Convolve, Inc. v. Compaq
Earlier this month the Federal Circuit issued its opinion in Convolve, Inc., et al. v. Compaq Computer Corporation, et al. Convolve sued Compaq and Seagate Technology for, among other things, misappropriation of trade secrets. In its ruling, the Federal Circuit affirmed an earlier district court dismissal of the misappropriation claim as it related to most of the information that Convolve argued was its trade secrets.

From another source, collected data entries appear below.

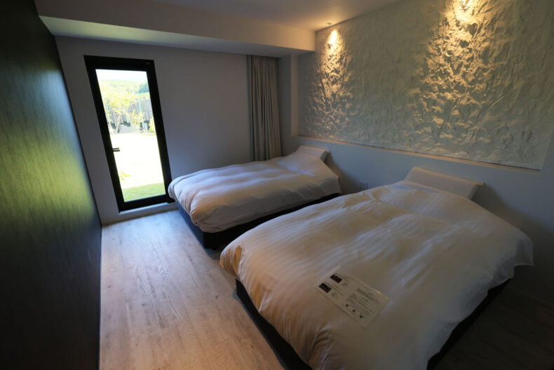類似の施設に「グランピング」というのがありますが、それよりはホテル寄りの宿です。しっかりした部屋でゆっくり寝られます。ご飯は自分で作る必要はありますが、皿洗いの必要はありません。こちらはごく最近できたばかりの宿ですが、隣に2年前に先行オープンした「abrAsus Hotel」(アブラサス・ホテル)が建っています。Hotelの方もチラ見させてもらいましたが両者とも機能的にはさほど差はなく、基本的にテイストの違いといってよいでしょう。上の写真だと左側の塀の向こうに写っているのが「Hotel」の方です。
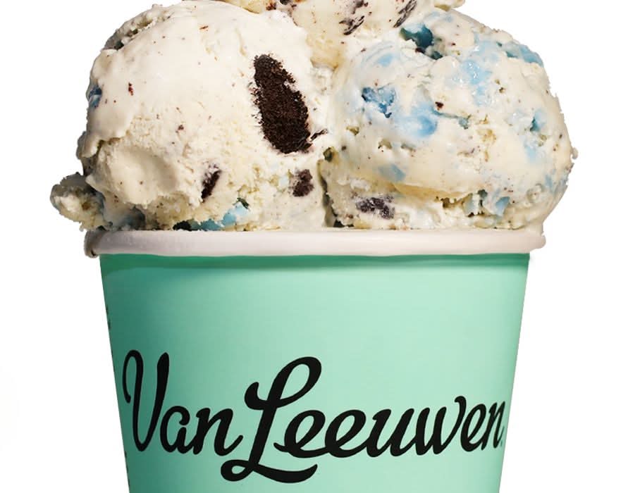 Birthday cake ice cream with dark chocolate cream-filled cookies and swirls of blue frosting. Contains milk, eggs, wheat, coconut.
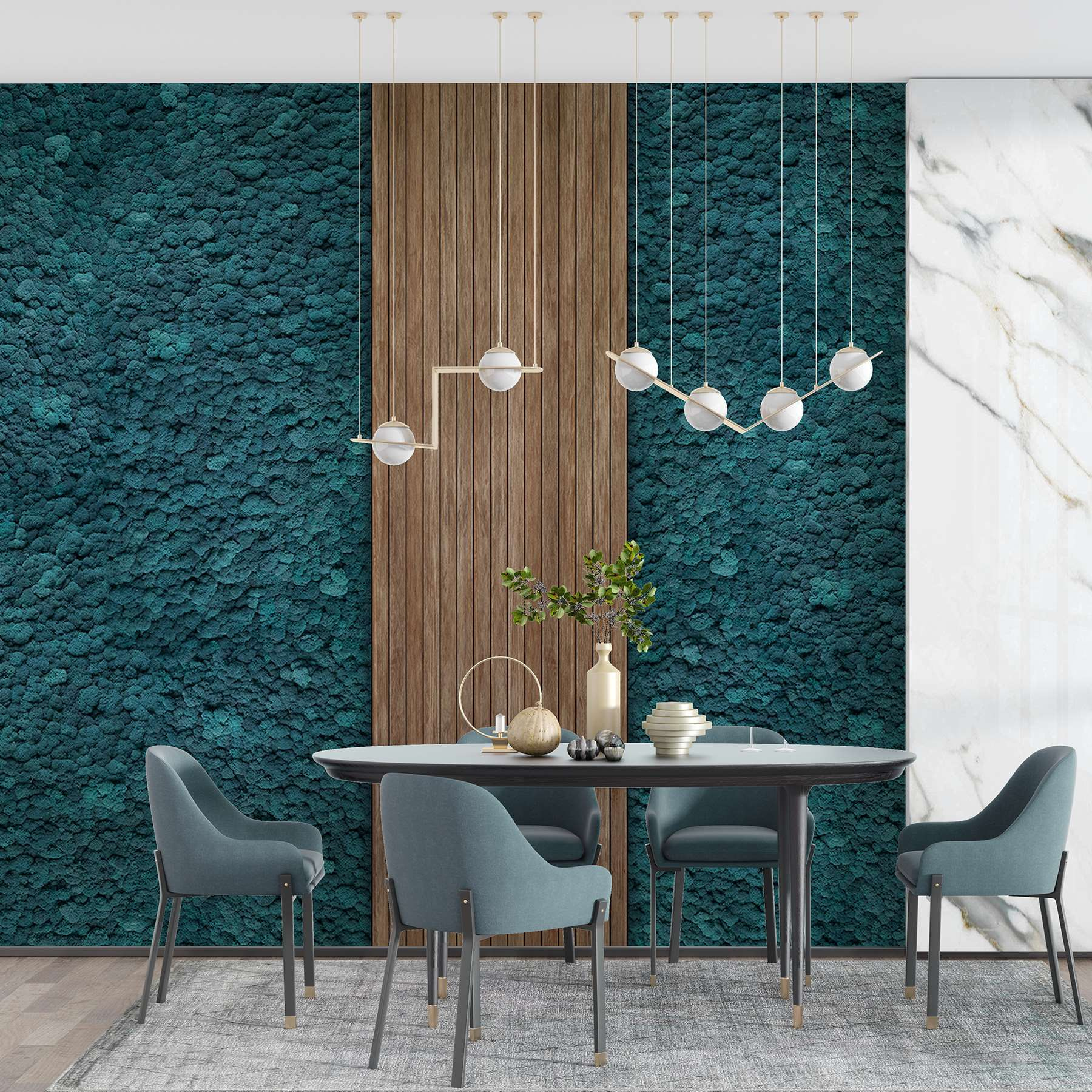 Guardate esattamente come apparirà il vostro spazio con la nuova carta da parati prima di acquistarla. Visualizzazione professionale da parte di designer esperti senza alcun costo o obbligo di acquisto.
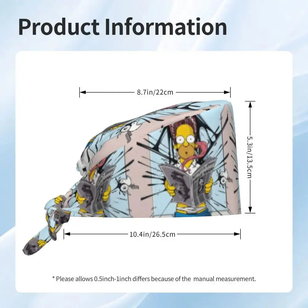Infunde diversión y frescura en tu rutina de cuidado: este gorro quirúrgico personalizado con estampados de dibujos animados de Los Simpson, tejido respirable en poliéster suave, es unisex y adaptable a cuatro estaciones para médicos, enfermeras o profesionales adultos.
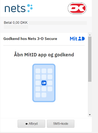 OBS!! Når du bekræfter med Mit-ID, vises beløb 0,00 kr.
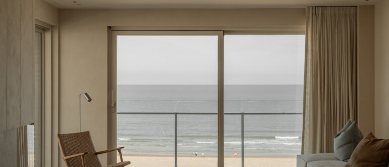 Минималистичный дизайн в спокойной монохромной гамме со сглаженными углами этой квартиры на побережье Северного моря в Бельгии — не только отголосок суровых пляжных пейзажей за окном, но и
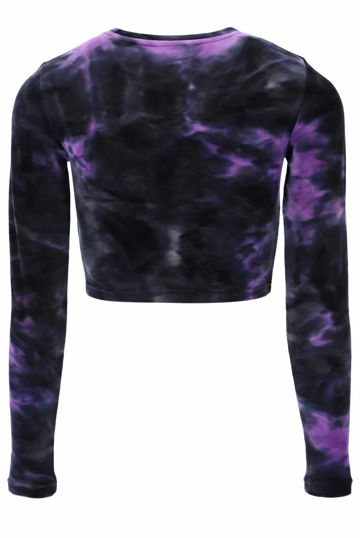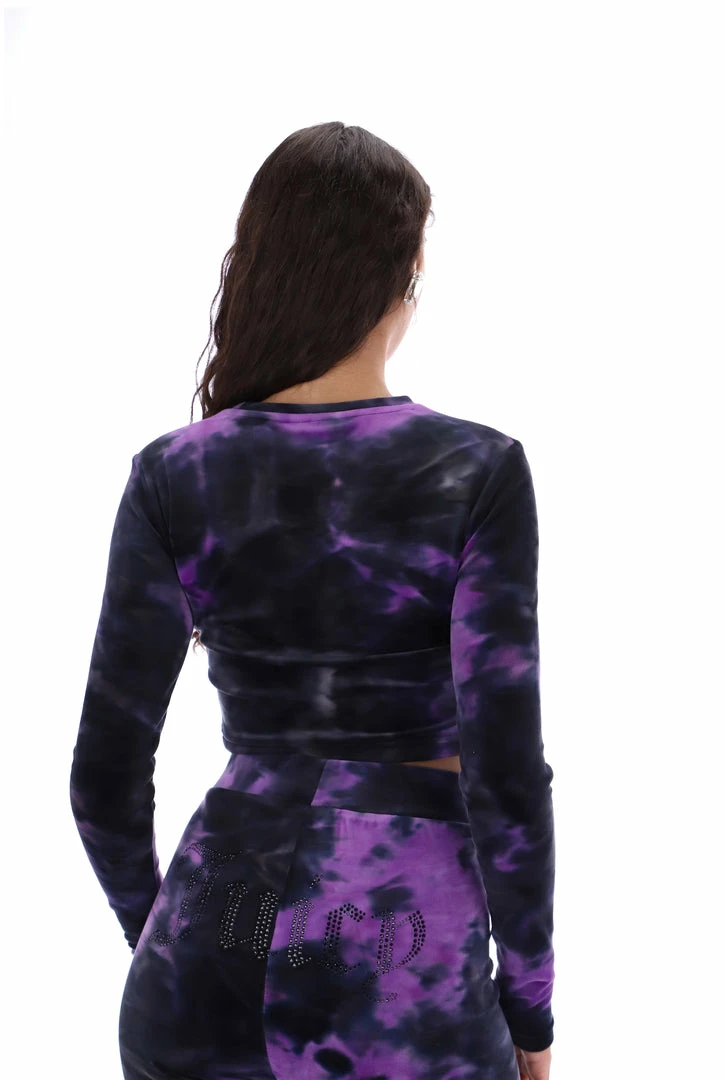 PURPLE TIE DYE LONG SLEEVE VELOUR CROP TOP
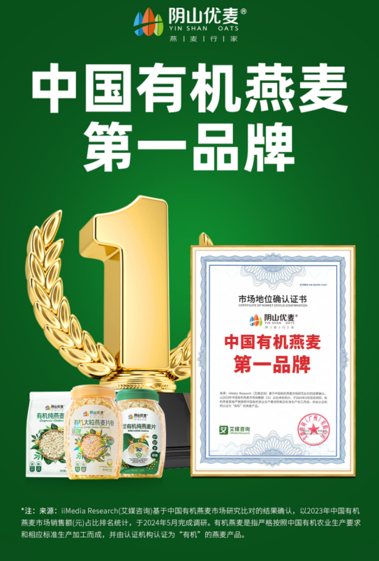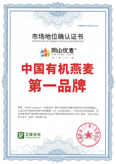 2024年5月,陰山優(yōu)麥獲艾媒咨詢授予的“中國有機燕麥第、一品牌”市場地位認證書,此項認證,是陰山優(yōu)麥品牌發(fā)展史上的一個重要里程碑,標(biāo)志著陰山優(yōu)麥在有機燕麥行業(yè)取得領(lǐng)導(dǎo)地位。

According to the opinion, during business meetings held in 1998 and 1999, Convolve verbally disclosed to defendants information that it argued included trade secrets. The meetings were held under a written Non-Disclosure Agreement (NDA) that called for a party who wished to disclose trade secrets to mark or otherwise designate the disclosed information as confidential. For example, if disclosed in writing, by stamping it “CONFIDENTIAL” or, if disclosed verbally, by following up the verbal disclosure with a separate letter identifying the information as confidential. Under the terms of the NDA, information that is marked or designated as confidential must then be kept secret by the receiving party. Conversely, the receiving party assumes no obligation of secrecy or non-use over information that is not marked or designated as confidential.
The Federal Circuit concurred with district court’s earlier finding of fact that Convolve had not designated as confidential the information it verbally disclosed during its meetings with the defendants. According to the court, after disclosure of the information and failure to designate it as confidential, the information immediately lost its legal status as trade secret. Convolve lost its ability to sue for misappropriation of that information.

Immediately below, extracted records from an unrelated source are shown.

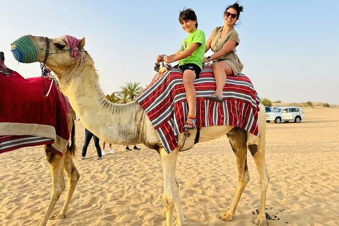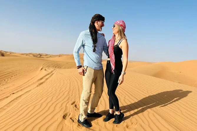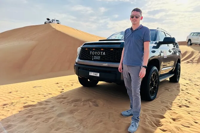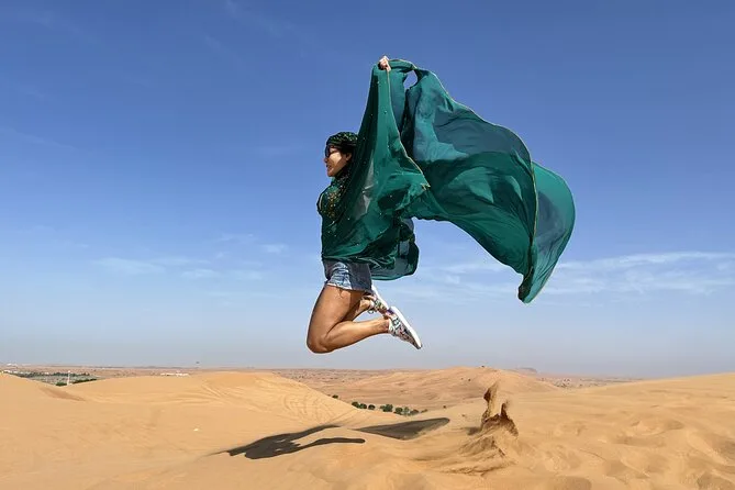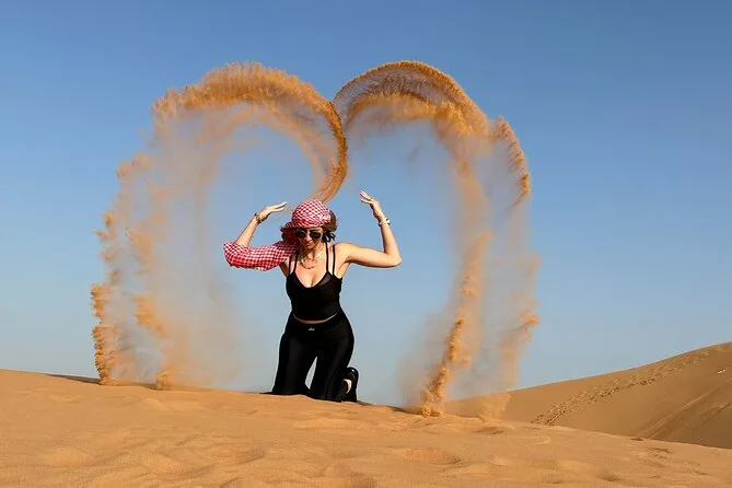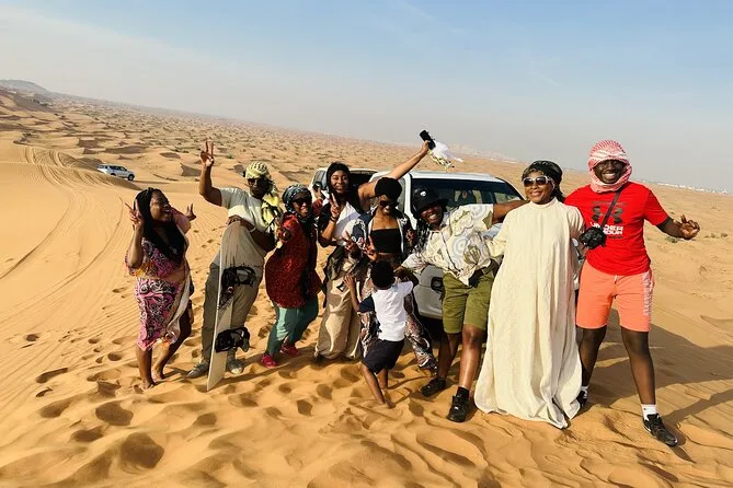 Dune bashing en 4x4 Land Cruiser, sandboard, balades à dos de chameau, spectacles live, shisha, tatouages au henné et photos au coucher du soleil (selon météo).
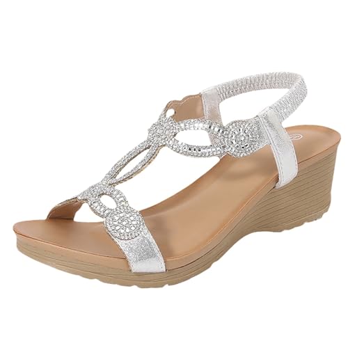 Uwdiohq Sandales Femme Été Confortable Chaussure Compensées À Bride Arrière Métalliques Pour Femmes Bohèmes D'Été Glamour (Silver 42) Confort Sandale Sport Chaussures Pieds Larges Petit Talon
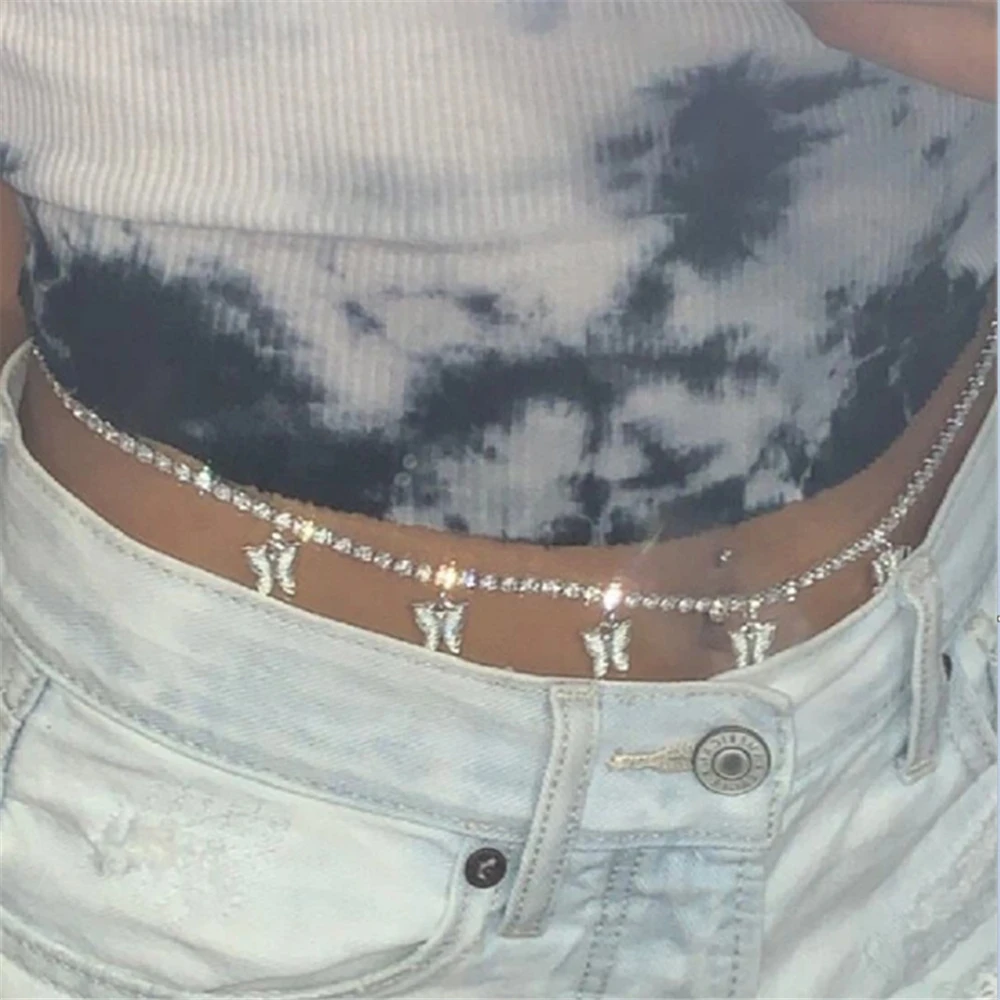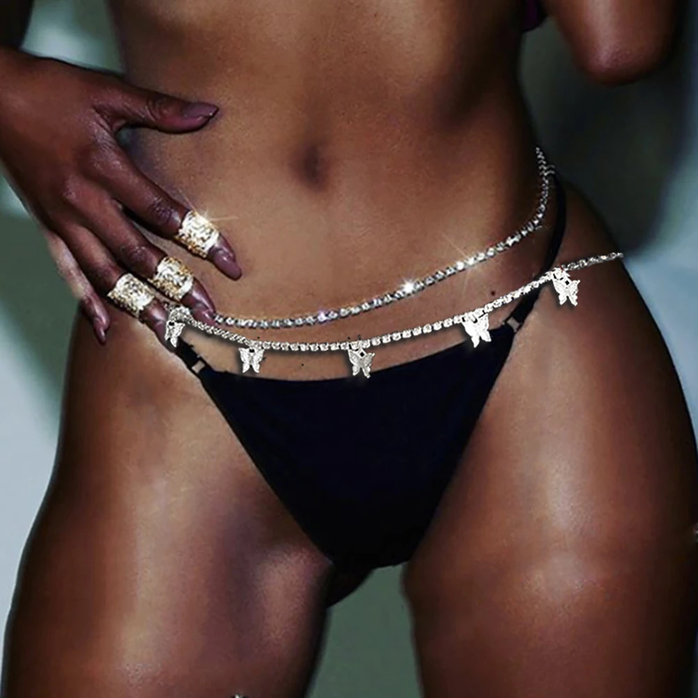 Цепочка женская с подвеской-бабочкой, модное ожерелье с кристаллами, соблазнительный пояс для талии, Ювелирное Украшение для фестиваля, цвет золото и серебро
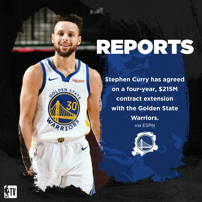 4年2.15亿!库里提前顶薪续约勇士 成历史首人

In the most interesting portion of the opinion, the court held that Convolve lost its claim not only under California contract law, but also under the statutory framework of the California Uniform Trade Secrets Act (CUTSA). Both its breach of contract claim and its CUTSA claim hinge upon its satisfaction of the requirements of the NDA.
The opinion did not precisely address whether, or not, the information at issue remains classified as trade secret for purposes of later misappropriation claims against different parties. Arguably, the right to sue other parties also evaporated at the time of disclosure to Compaq and Seagate.
It is worth noting that the confidentiality designation language used in the Convolve-Seagate NDA is of a type commonly used in Silicon Valley practice. Lawyers write protective documents, often requiring process that is not, and realistically cannot be, followed by business executives in the rough and tumble real world. That’s the tension.
But the opinion of the court in the trade secret portion of the case is straightforward. When technology companies sign non-disclosure agreements that define the contours of their intellectual property in trade secrets, they need to be prepared to take the protective measures called for under those agreements. Failure to do so can lead to a loss of rights.